Volkswagen leak exposed location data for 800,000 electric cars

For months, the location information of around 800,000 electric Volkswagen vehicles was available online due to a data leak, according to a report from the German news magazine Der Spiegel. The leak reportedly stemmed from the software running inside Volkswagen vehicles and could’ve allowed a bad actor to trace a driver’s exact movements, as noted by Electrek.

A whistleblower first notified Der Spiegel and the European hacking association Chaos Computer Club of the vulnerability, which also affects EVs from Volkswagen-owned car brands on a global scale, including Audi, Seat, and Skoda.

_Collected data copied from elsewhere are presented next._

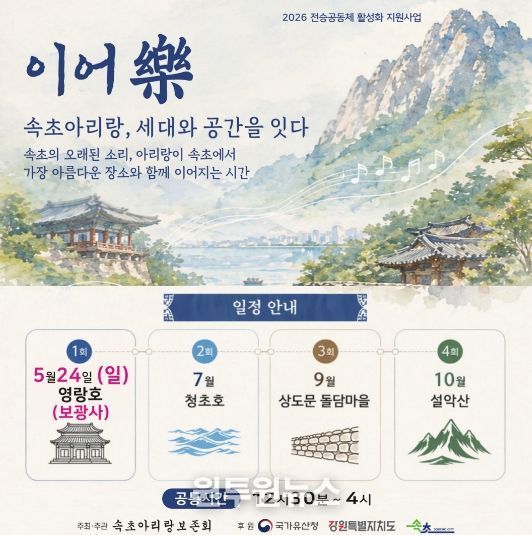 이어락은 국가유산청 ‘2026년 전승공동체 활성화 지원사업’ 공모에 선정된 ‘강원아리랑 문화산업화 프로젝트’의 하나로 정선군과 원주, 속초시 등 3개 지자체가 협업해 추진하는 사업이다.
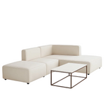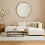 The Luna Boho Living Set brings together contemporary elegance and laid back bohemian style. The medium firm L-shaped sofa, crafted with a sturdy solid wood frame, offers lasting comfort and a relaxed seating experience. Paired with a sleek white coffee table featuring a durable MDF top and steel legs, this two-piece set combines functionality with character, making it an inviting centerpiece for any living space. Perfect for homes that value both style and everyday comfort.
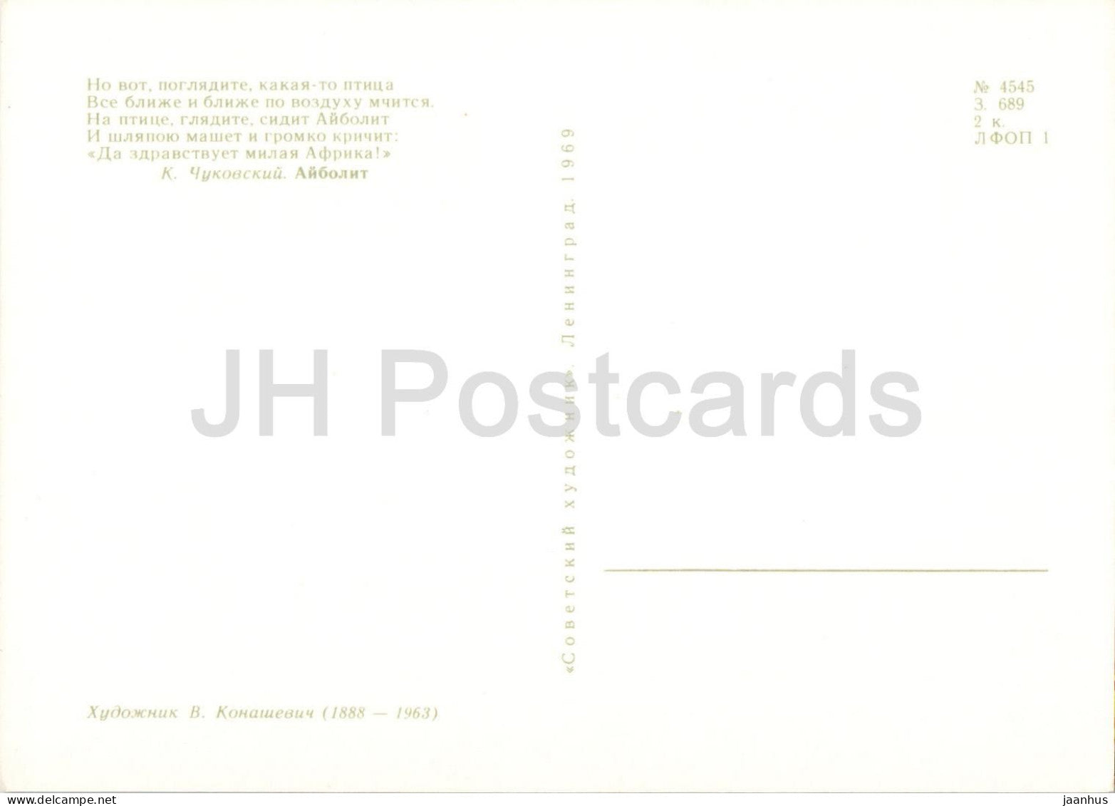 elephant - giraffe - lion - rhino Doctor Aibolit - Fairy Tale by Chukovsky - illustration - 1969 - Russia USSR - unused
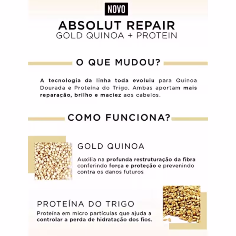 - L'Oréal Professionnel Serie Expert Absolut Repair Gold Quinoa + Protein - Condicionador 1500ml: desembaraça e reestrutura a superfície do fio para mais brilho e leveza.

Der Spiegel found that Cariad, the Volkswagen subsidiary behind the automaker’s software, made it possible for an attacker to find and access driver data housed in Amazon’s cloud storage service. The data, which “could be linked to the names and contact details of the drivers,” reportedly included details about when EVs were switched on and off, along with the emails, phone numbers, and addresses of drivers in some cases.

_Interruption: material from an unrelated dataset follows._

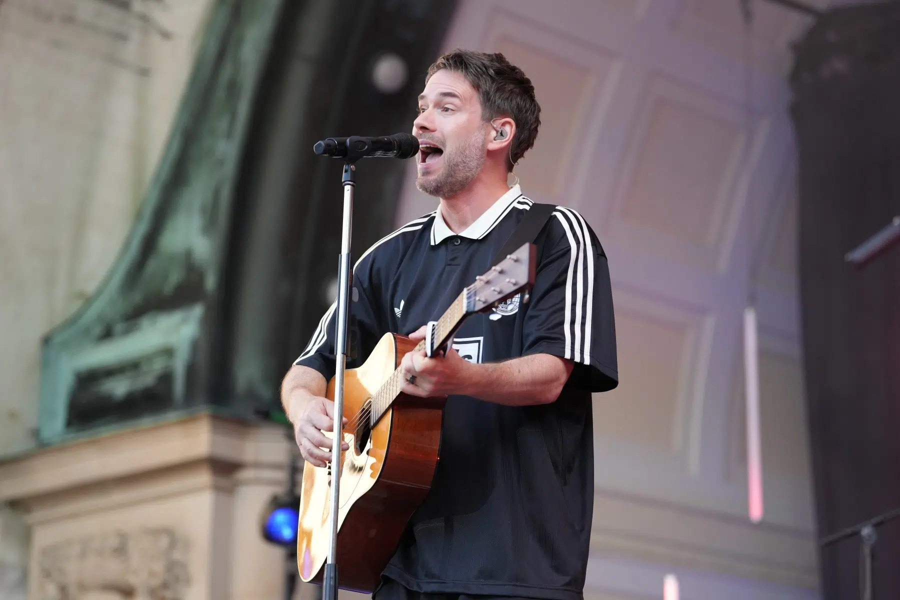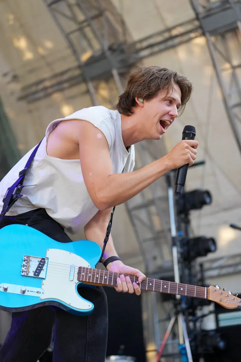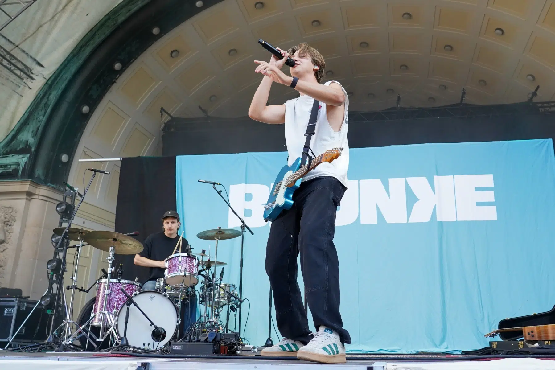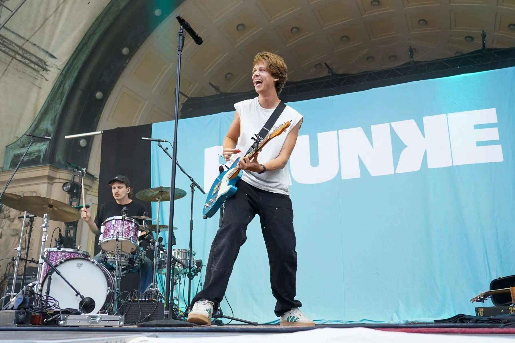 Schon vor dem ersten Akkord der Headliner sorgte der Support-Act BRUNKE für sommerliche Vibes und gute Laune. Der charismatische Sänger, Produzent und Labelbetreiber stammt ursprünglich von der autofreien Nordseeinsel Juist und bringt musikalisch genau diese Gegensätze auf die Bühne: Zwischen norddeutscher Gelassenheit und Berliner Puls spiegelt sich in seinen Songs wie „Sonnenbrand“ oder „Zu schön“ ein moderner Sound wider, der ehrliche Geschichten erzählt und dennoch tanzbar bleibt. Das Publikum nahm BRUNKE mit offenen Armen auf – ein stimmungsvoller Auftakt für einen besonderen Konzertabend.

It included the “precise” locations of about 460,000 vehicles, as Der Spiegel says the data was “accurate to within ten centimeters” for Volkswagen and Seats vehicles, and within 10km (~6 miles) for Audi and Skoda models.

Cariad has since addressed the issue, telling Der Spiegel customers have ”no need to take any action, as no sensitive information such as passwords or payment details are affected.” The Verge reached out to Cariad and Volkswagen with requests for comment but didn’t immediately hear back.

If anything, this leak serves as yet another reminder of the immense amount of data collected by modern-day vehicles, which Mozilla has called a “privacy nightmare.”